Convert these titles into ordered data to make it easier to make a predictive model.

# 1. train_df and test_With df{"Mr": 1, "Miss": 2, "Mrs": 3, "Master": 4, "Rare": 5}Conversion to.
title_mapping = {"Mr": 1, "Miss": 2, "Mrs": 3, "Master": 4, "Rare": 5}

for dataset in combine:
    dataset["Title"] = dataset["Title"] .map({"Mr": 1, "Miss": 2, "Mrs": 3, "Master": 4, "Rare": 5})
    dataset['Title'] = dataset['Title'].fillna(0)

# 2. train_Output the first first line with df.
train_df.head()

image.png

Finally, remove the Name and PassengerId

# 1.Train Name and Passanger Id_Removed from df.
train_df = train_df.drop(['Name', 'PassengerId'], axis=1)

# 2.Test Name_Removed from df.
test_df = test_df.drop(['Name'], axis=1)

combine = [train_df, test_df]
# train_df and test_Check the number of rows and columns of df.
print(train_df.shape, test_df.shape)

Conversion of multi-valued data

Converts multi-valued data to binary data.


# 1.Sex female=1, male=-Convert to 0.
for dataset in combine:
    dataset['Sex'] = dataset['Sex'].map( {'female': 1, 'male': 0} ).astype(int)

#Extract the first line
train_df.head()

Complement continuous numerical data

Now we need to estimate and complete the features with missing or null values. First, let's take a look at Age.

There are three ways to complement continuous numerical data.

1, How to generate a random number between the average

2, A more accurate way to infer missing values is to use other correlated features. So far, we know that there is a correlation between Age, Sex, and Pclass. In other words, infer the Age value from the combination of Pclass and Gender. For example, use intermediate ages such as Pclass = 1, Gender = 0, Pclass = 1, Gender = 1.

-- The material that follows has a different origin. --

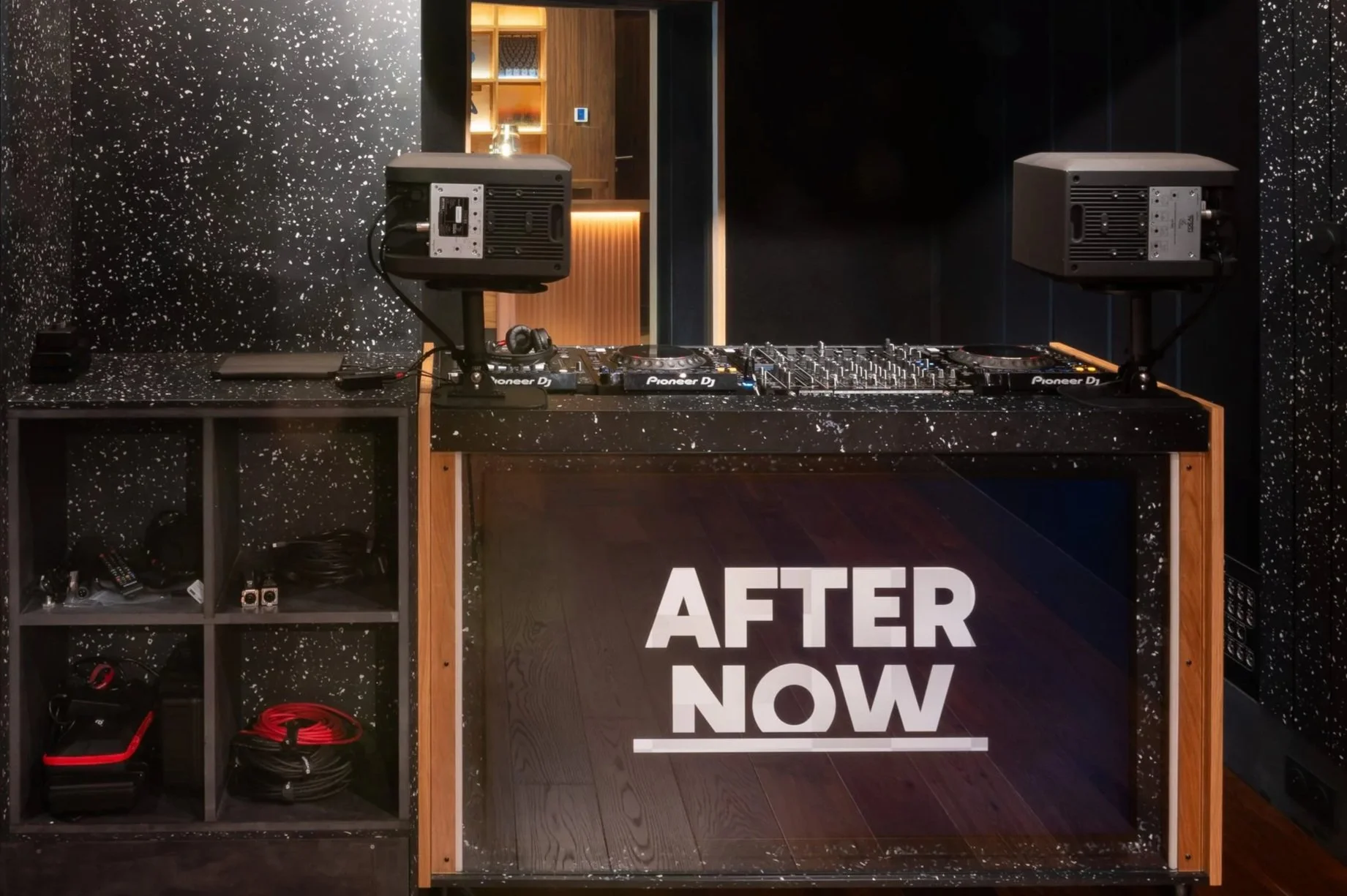 DJ Booth sur mesure intégrant 3 CDJ 3000, une mixette Xone, une TV et des néons LEDs. Le tout en chêne massif, valchromat et Le Pavé (plastique recyclé).

It is a method of combining 3, 1 and 2. So instead of guessing Age based on the median, we use a random number between the mean and standard deviation based on the combination of Pclass and Gender.

# 1. Pclass=When 1, create Age histogram for Sex.
train_df[train_df["Pclass"]==1]["Age"].hist(by=train_df["Sex"], bins=20)
plt.show()

# 2. Pclass=At 2, create an Age histogram for Sex.
train_df[train_df["Pclass"]==2]["Age"].hist(by=train_df["Sex"], bins=20)
plt.show()

# 3. Pclass=At 3, create an Age histogram for Sex.
train_df[train_df["Pclass"]==3]["Age"].hist(by=train_df["Sex"], bins=20)
plt.show()

image.png

image.png

Prepare an empty storage array containing inferred Age estimates based on a combination of Pclassx and Gender

# 1.Create an array to store the Age value.
guess_ages = np.zeros((2,3))
#Display the contents of the array.
print(guess_ages)

# 2.Age guess in the array(Middle age)Store.
for dataset in combine:
    for i in range(0, 2):
        for j in range(0, 3):
            guess_df = dataset[(dataset['Sex'] == i) & (dataset['Pclass'] == j+1)]['Age'].dropna()

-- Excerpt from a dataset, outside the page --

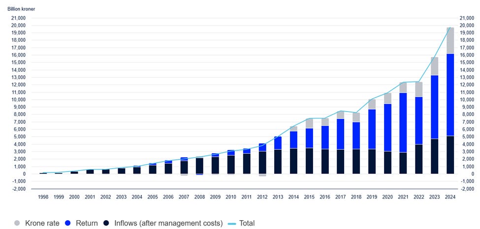 Norway did well economically but wasn’t a wealthy country until massive oil reserves were discovered in the 1960s. After building out the oil industry, in 1990, Norway decided to establish a sovereign wealth fund (a fancy term for the country’s investment fund), called the Norwegian Government Pension Fund Global (GPFG).

            #In case of method 3
            #import random
            #age_mean = guess_df.mean()
            #age_std = guess_df.std()
            #age_guess = random.uniform(age_mean - age_std, age_mean + age_std)
            
            age_guess = guess_df.median()
 
            # 0.Round in 5 units
            guess_ages[i,j] = int( age_guess/0.5 + 0.5 ) * 0.5
            
    for i in range(0, 2):
        for j in range(0, 3):
            dataset.loc[ (dataset.Age.isnull()) & (dataset.Sex == i) & (dataset.Pclass == j+1),\
                    'Age'] = guess_ages[i,j]

    dataset['Age'] = dataset['Age'].astype(int)

#Display the first 5 lines.
print(guess_ages)
train_df.head()

Next, create a feature called AgeBand that divides Age into 5 layers.

# 1.Age, which is a continuous value, is divided by an arbitrary number and converted to a discrete value.
train_df['AgeBand'] = pd.cut(train_df['Age'], 5)

# 2.Created Age Band and Survived PivotTables.
train_df[['AgeBand', 'Survived']].groupby(['AgeBand'], as_index=False).mean().sort_values(by='AgeBand', ascending=True)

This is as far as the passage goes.